While strong cash flow is a key indicator of stability, it doesn’t always translate to superior returns. Some cash-heavy businesses struggle with inefficient spending, slowing demand, or weak competitive positioning.
Not all companies are created equal, and StockStory is here to surface the ones with real upside.
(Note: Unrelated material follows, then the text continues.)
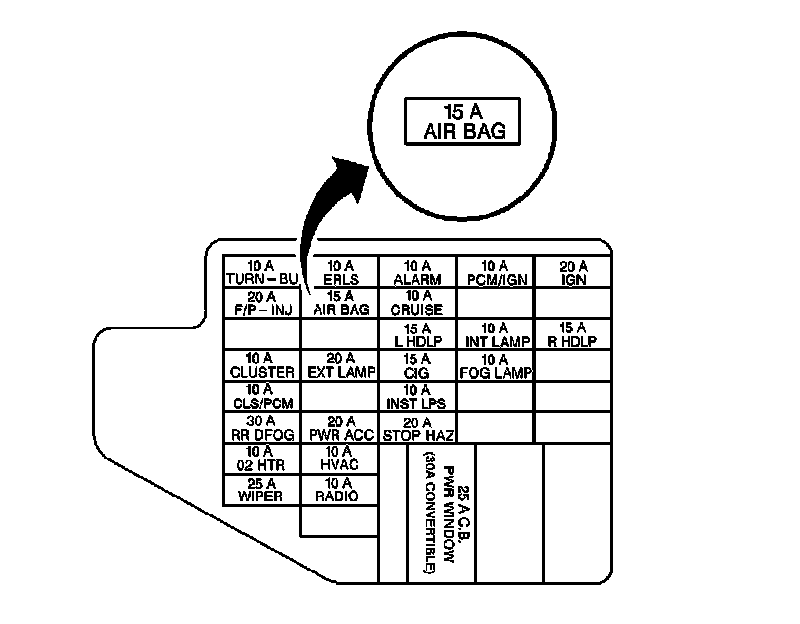 IMPORTANT: With the AIR BAG Fuse removed and the ignition switch in the RUN position, the AIR BAG warning lamp illuminates. This is a normal operation and does not indicate an SIR system malfunction.

Keeping that in mind, here are three cash-producing companies that don’t make the cut and some better opportunities instead.
Skyworks Solutions (SWKS)
Trailing 12-Month Free Cash Flow Margin: 17.4%
Result of a merger of Alpha Industries and the wireless communications division of Conexant, Skyworks Solutions (NASDAQ: SWKS) is a designer and manufacturer of chips used in smartphones, autos, and industrial applications to amplify, filter, and process wireless signals.
Why Do We Avoid SWKS?
- Sales tumbled by 5.6% annually over the last two years, showing market trends are working against it during this cycle
- Projected sales decline of 1.6% over the next 12 months indicates demand will continue deteriorating
- Operating margin declined by 19 percentage points over the last five years as its sales cratered
Skyworks Solutions’s stock price of $75.69 implies a valuation ratio of 15.1x forward P/E. Check out our free in-depth research report to learn more about why SWKS doesn’t pass our bar.
MarineMax (HZO)
Trailing 12-Month Free Cash Flow Margin: 7.6%
Appropriately headquartered in Clearwater, Florida, MarineMax (NYSE: HZO) sells boats, yachts, and other marine products.
Why Do We Pass on HZO?
- Poor same-store sales performance over the past two years indicates it’s having trouble bringing new shoppers into its brick-and-mortar locations
- Earnings per share have contracted by 66.6% annually over the last three years, a headwind for returns as stock prices often echo long-term EPS performance
MarineMax is trading at $33.06 per share, or 32x forward P/E. Read our free research report to see why you should think twice about including HZO in your portfolio.
Estée Lauder (EL)
Trailing 12-Month Free Cash Flow Margin: 8.7%
Named after its founder, who was an entrepreneurial woman from New York with a passion for skincare, Estée Lauder (NYSE: EL) is a one-stop beauty shop with products in skincare, fragrance, makeup, sun protection, and men’s grooming.
Why Is EL Not Exciting?
- Absence of organic revenue growth over the past two years suggests it may have to lean into acquisitions to drive its expansion
- Poor expense management has led to an operating margin of -0.7% that is below the industry average
- Performance over the past three years was negatively impacted by new share issuances as its earnings per share dropped by 16.5% annually, worse than its revenue
At $84.45 per share, Estée Lauder trades at 27.6x forward P/E. If you’re considering EL for your portfolio, see our FREE research report to learn more.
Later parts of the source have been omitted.